Она в слезах пробормотала:
— Вы так добры, господин Жан-Луи.
— В его несчастье ваша преданность, ваше уважение — это такая поддержка.
Его незамысловатые слова подействовали на Жозефу как ласка. Вдруг сделавшись такой родной, она тихо плакала, опершись о руку Жана-Луи. Мари прошептала на ухо Даниэль:
— Зря он так себя с ней ведет, мы потом от нее не отделаемся.
Договорились, что Жозефа подготовит дядю к их приходу. Они придут часам к десяти и подождут на лестничной клетке.
Только здесь, на этой грязной лестнице, где дети семьи Фронтенак стояли, прислушиваясь к каждому звуку, в то время как местные обитатели, уведомленные консьержкой, перевешивались через перила; только здесь, сидя на перепачканной ступеньке, прислонившись спиной к поддельному мрамору щербатой стены, Ив наконец ощутил весь ужас происходящего за этой дверью. Время от времени Жозефа приоткрывала дверь, высовывала распухшую от слез физиономию, просила их подождать еще немного; держа палец у рта, она затворяла створку двери. Дядя Ксавье, каждые две недели входивший в серую комнату на улице Кюрсоль в Бордо, завершив объезд владений; дядя Ксавье, мастеривший свистки из веточек ольхи, сейчас агонизировал в этой трущобе, в квартире у этой женщины, напротив метромоста, неподалеку от станции Мотт-Пике-Гренель. Бедняга, по рукам и ногам связанный предрассудками, фобиями, неспособный пересмотреть раз и навсегда усвоенное с подсказки родителей мнение; уважающий установленный порядок и одновременно такой далекий от простой, нормальной жизни... Дыхание октября наполняло эту лестницу и напоминало Иву застоявшийся запах в вестибюле на улице Кюрсоль в день начала школьных занятий. Это был смешанный запах тумана, мокрой мостовой, линолеума. Даниэль и Мари перешептывались. Жан-Луи не шевелился, стоял, закрыв глаза, прислонившись лбом к стене. Ив не обращался к нему, понимая, что его брат молится. «Придется вам, господин Жан-Луи, поговорить с ним о Боге, — сказала Жозефа, — меня-то он и слушать не захочет, вы же знаете!» Ив хотел было присоединиться к Жану-Луи, но ничего не приходило ему на ум из этого забытого языка. Он был теперь страшно далек от той поры, когда и ему достаточно было закрыть глаза, молитвенно сложить руки. Какими долгими казались минуты! Теперь на ступени, на которой он сидел, ему были досконально известны все пятна, слагавшиеся в рисунки.

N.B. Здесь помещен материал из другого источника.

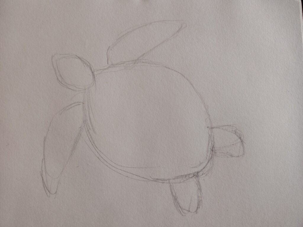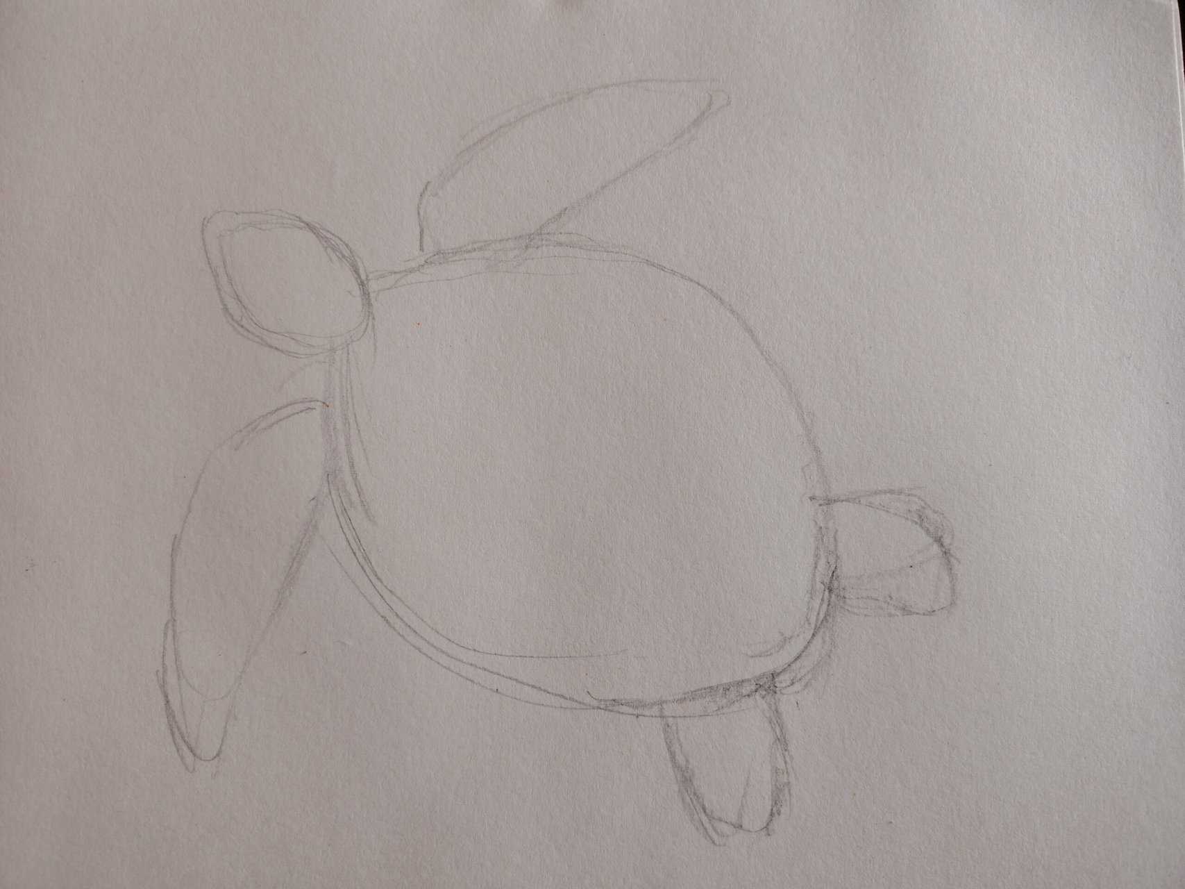 Sketch the basic shapes of the turtle’s body and shell using circles, ovals, and rectangles, following the reference closely.

Жозефа приоткрыла дверь и подала им знак, что они могут войти. Она провела их в столовую, а сама исчезла. Фронтенаки старались не дышать, даже не шевелиться, так как туфли Жана-Луи скрипели при малейшем движении. Окно, судя по всему, в последний раз открывалось лишь накануне; в этих стенах, обклеенных красными обоями, витали запахи старой пищи и газа. Две олеографии, на одной из которых были изображены персики, а на другой малина, были точно такими же, как и в столовой преньякского дома.
Позже им стало ясно, что им не следовало появляться здесь всем вместе. Если бы дядя увидел сначала одного Жана-Луи, то он привык бы к его присутствию, безумием было войти целой толпой.

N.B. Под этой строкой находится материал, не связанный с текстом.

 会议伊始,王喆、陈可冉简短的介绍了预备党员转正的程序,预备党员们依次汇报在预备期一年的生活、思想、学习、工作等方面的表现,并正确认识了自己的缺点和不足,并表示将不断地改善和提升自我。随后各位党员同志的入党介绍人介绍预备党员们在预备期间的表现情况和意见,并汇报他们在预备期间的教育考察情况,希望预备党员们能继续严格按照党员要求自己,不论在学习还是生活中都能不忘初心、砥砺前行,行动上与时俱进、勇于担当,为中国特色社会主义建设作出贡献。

— Вы видите, господин, они пришли, — повторяла Жозефа, неестественно играя роль сиделки. — Не желаете ли взглянуть на них? Они здесь все, кроме господина Жозе...
Он сидел неподвижно, застыв в своей позе насекомого. Единственной активной частью лица, на которое страшно было смотреть, оказались глаза, перебегавшие от одного к другому, как будто бы ему угрожал удар. Обеими руками, сложенными на груди, он вцепился в лацканы пиджака. Жозефа, вдруг позабыв о своей роли, забормотала:
— Ты ничего не говоришь, потому что боишься, что это причинит тебе боль? Э... не говори ничего, бедняжка. Ты видишь их, своих малышей? Ты доволен? Смотрите друг на друга и не разговаривайте. Если ты, заинька, плохо себя чувствуешь, скажи нам. Если тебе больно, то покажи мне знаком. Хочешь, я сделаю тебе укол? Подожди, я пойду приготовлю ампулу.
Она несла всякую чепуху, разговаривала с ним так, как обычно разговаривают с совсем маленькими детьми. Но умирающий, замкнувшись в самом себе, по-прежнему выглядел затравленным. Четверо детей Фронтенак, стоявшие плотной группой, парализованные тревогой, не догадывались, что выглядят как члены суда присяжных, готовые принять клятву. Наконец Жан-Луи отделился от остальных, обнял дядю за плечи и сказал:
— Видишь, только Жозе не смог прийти. Мы получили от него хорошие новости...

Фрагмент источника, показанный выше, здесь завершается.